8:00pm EDT April 25, 2010

Risk management methodologies and techniques remain at the forefront in these challenging economic times.

Boards of directors are under increased pressure to identify and manage risks in a timely manner and quickly remediate any issues that may arise.

Active, involved board members possessing diverse skills can greatly assist firms in achieving risk mitigation. While securities laws mandate various director qualifications, including independence for audit committee members, there exists no specific requirement that boards contain directors with varied skill sets.

While this is not a requirement for boards, “a diverse board can allow directors to critically examine management assertions and shepherd the organization through crises that may arise,” says James P. Martin, managing director at Cendrowski Corporate Advisors.

Smart Business spoke with Martin about best practices for boards and their impact on risk mitigation.

What defines a great board member?

In my mind, a great board member is one who becomes genuinely immersed in the company, understanding not only its financials but also its operations and strategy. Many articles have been published encouraging board members to become more active participants in their firms.

However, for whatever reason, this is largely not the case. For instance, a recent study showed that more than 90 percent of directors have not interacted with employees outside executive ranks at firms they govern; more than 70 percent have not visited their firm’s production facilities.

By failing to do so, directors are depriving themselves of important insights into corporate policies, procedures and strategy. These insights might be particularly beneficial for smaller, private firms that really turn to board members for help and guidance. While it is important for all firms to have directors with a diverse array of skill sets, smaller firms especially benefit from diversity of ideas.

This diversity might afford a firm particular insight in the event of a crisis, such as the economic tsunami we’ve experienced over the past two years.

What does it mean to have a diverse board?

Board members must have diverse, but complementary, skill sets to effectively govern a firm and critically question information provided by management. While government and stock exchange regulations have mandated a financial expert on audit committees, boards should also include directors who are experts in operations, legal matters and risk management.

In possessing individuals with such diverse skill sets, boards will be better able to analyze management’s vision and plan for the future, as well as guide the company toward continued value creation for shareholders.
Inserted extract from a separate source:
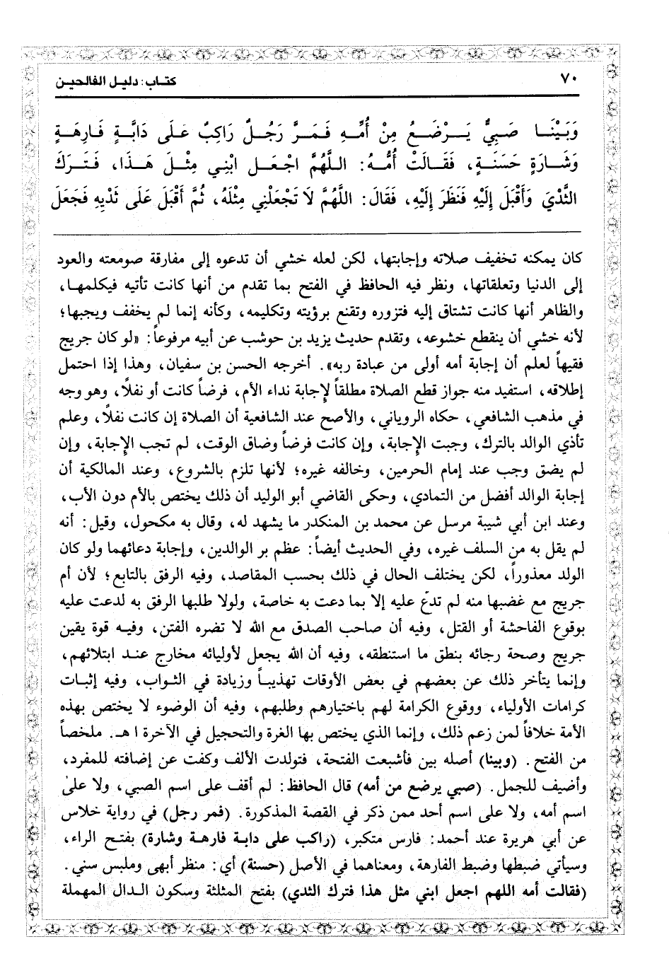 أولى من عبادة ربه» أخرجه الحسن بن سفيان. وهذا إذا احتمل إطلاقه استفيد منه إجابة أمه أولى من عبادة ربه» أخرجه الحسن بن سفيان. وهذا إذا احتمل إطلاقه استفيد منه جواز قطع الصلاة مطلقاً لإجابة نداء الأم فرضاً كانت أو نفلاً، وهو وجه في مذهب الشافعي حكاه الروياني. والأصح عند الشافعية أن الصلاة إن كانت نفلاً وعلم تأذى الوالد بالترك وجبت الإجابة وإن كانت فرضاً وضاق الوقت لم تجب الإجابة وإن لم يضق وجب عند إمام الحرمين وخالفه غيره لأنها تلزم بالشروع. وعند المالكية أن إجابة الوالد أفضل من التمادي. وحكى القاضي أبو الوليد أن ذلك يختص بالأم دون الأب. وعند ابن أبي شيبة مرسل عن محمد بن المنكدر ما يشهد له، وقال به مكحول. وقيل إنه لم يقل به من السلف غيره. وفي الحديث أيضاً عظم برّ الوالدين وإجابة دعائهما ولو كان الولد معذوراً لكن يختلف الحال في ذلك بحسب المقاصد. وفيه الرفق بالتابع لأن أم جريج مع غضبها منه لم تدع عليه إلا بما دعت به خاصة، ولولا طلبها الرفق بالتابع لأن أم جريج مع غضبها منه لم تدع عليه إلا بما دعت به مع الله لا تضرّه الفتن. وفيه قوّة يقين جريج وصحة رجائه بنطق ما استنطقه، وفيه أن الله يجعل لأوليائه مخارج عند ابتلائهم وإنما يتأخر ذلك عن بعضهم في بعض الأوقات تهذيباً وزيادة في الثواب، وفيه إثبات كرامات الأولياء ووقوع الكرامة لهم باختيارهم وطلبهم، وفيه أن الوضوء لا يختص بهذه الأمة خلافاً لمن زعم ذلك وإنما الذي يختص بها الغرّة والتحيل في الآخرة اهـ. ملخصاً من «الفتح» (وبينما) أصله بين فأشبعت الفتحة فتولدت الألف وكفت عن اضافته للمفرد وأضيف للجمل (صبي يرضع من أمه) قال الحافظ: لم أقف على اسم الصبيّ ولا على اسم أمه ولا على اسم أحد ممن ذكر في القصة المذكورة (فمر رجل) في رواية خلاس عن أبي هريرة عند أحمد «فارس متكبر» (راكب على دابة فارهة وشارة) بفتح الراء وسيأتي ضبطها وضبط الفارهة ومعناهما

Diverse skill sets should also be present on board committees in order to help incite healthy dialogue surrounding critical issues.

What recommendations do you have for those serving on audit committees?
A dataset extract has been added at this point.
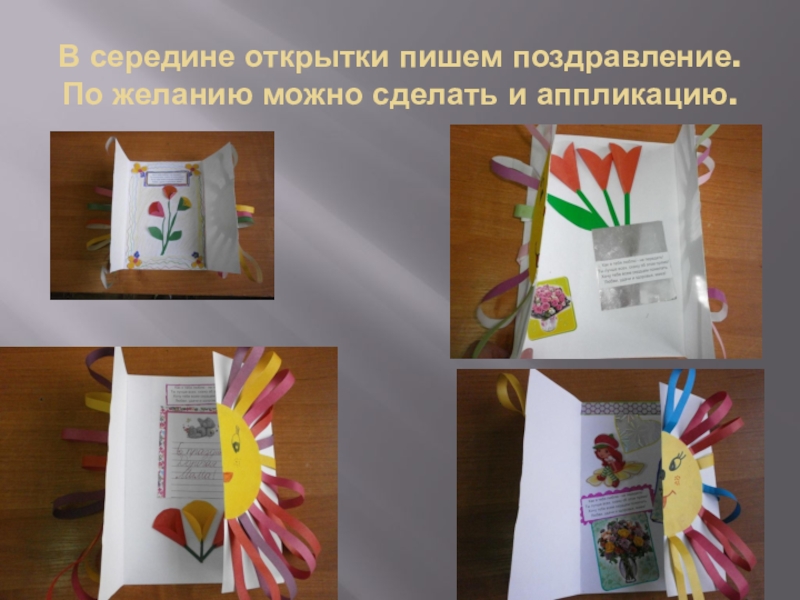 Слайд 9В середине открытки пишем поздравление. По желанию можно сделать и аппликацию.

The audit committee is one of the most — if not the most — important committees on the board. Its importance is paramount to the proper oversight of the company. However, the existence of an audit committee is not a sufficient condition for proper governance.

Enron, HealthSouth, Tyco and Adelphia Communications each had audit committees. Although audit committees today must include a financial expert and independent directors, I believe they also should include individuals with skills in areas other than accounting. For instance, a director with risk management expertise might be able to assist an audit committee in recognizing the warning signs of risks that lie ahead.

These risks can then be brought to and evaluated by the board as a whole.

What factors might influence a board’s ability to act on and evaluate information presented by management and internal committees?

Size is certainly one factor that affects board-level decision-making processes. When a board is too large, it sometimes becomes a case of too many cooks spoiling the broth. The larger the board, the more difficult it is for members to participate actively and engage in constructive discussions.

Many large companies have boards with 10 to 15 directors, while smaller, growth-oriented firms may have five or fewer members. There is, however, great variance in the size of boards that isn’t necessarily commensurate with the size of the underlying company. General Electric, for instance, has 16 directors. Apple Computer, a firm whose market capitalization is larger than GE’s, has only six directors, including CEO Steve Jobs.

While a large board allows directors to more concretely divide responsibilities, a large board can stifle meaningful dialogue. Smaller boards promote accountability and also help directors make swifter decisions in crises.

However, if a company has a small board, these individuals must hold a diverse array of skills in order to effectively shepherd the company. Small boards might also be more greatly influenced by persuasive CEOs seeking to impress their personal vision upon the company.